Quoting is used to escape characters that may be potentially dangerous from being interpreted: for example, the right hand side of the If-Modified-Since header is a string called the entity tag and is provided by the HTTP client (such as the Bloglines poller). There is the risk that this string could somehow be fed into a database or shell command. If this string contains characters that have special meaning to the database or shell, an attacker could use that to gain access to the system. Thus, WordPress takes care to escape dangerous characters, such as quotation marks, from the string to prevent this from happening.
Unfortunately, a change made in 2005 that handles
quoting appears to interact poorly with
send_headers
, the
code that checks whether the feed has changed relative to what
the HTTP client (Bloglines) last knew about. In particular,
entity tags are quoted strings, in the sense that it
is a string of characters that appears in quotation marks.
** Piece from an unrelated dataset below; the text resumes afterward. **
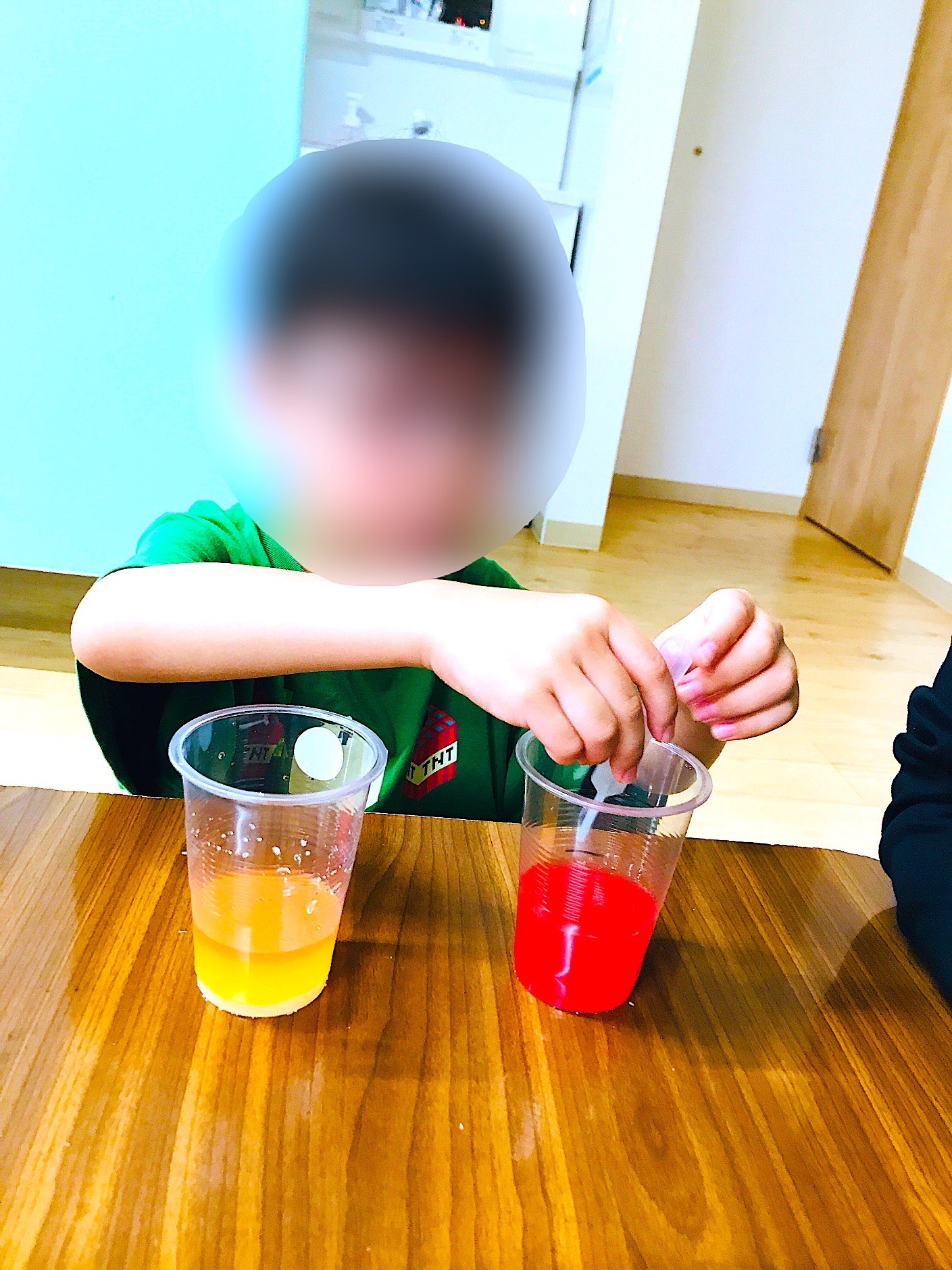 できあがった二層の色水を見て、

PHP already quotes these strings (in the sense of
escaping dangerous characters), which is why send_headers
took
care to stripslashes
. However, the quoting introduced in change
2699 causes the quoted string to be quoted again so the
match obviously fails and the 304 response code (no change)
is not sent.
The hackish fix is to simply call stripslashes
twice, which is
what I’ve done for now. The more permanent fix probably involves
something about how WordPress deals with quoting.
I wanted to submit a ticket to the WordPress
trac server but their login
database hasn’t yet been updated with my new account. I’ll update this post
with a link to the ticket when it gets created.
Update: Someone else noticed and was able to file a bug. Their comments led me to realize it was a more recent change, part of the 2.0.2 upgrade, that probably caused the problem. Where are the regression tests?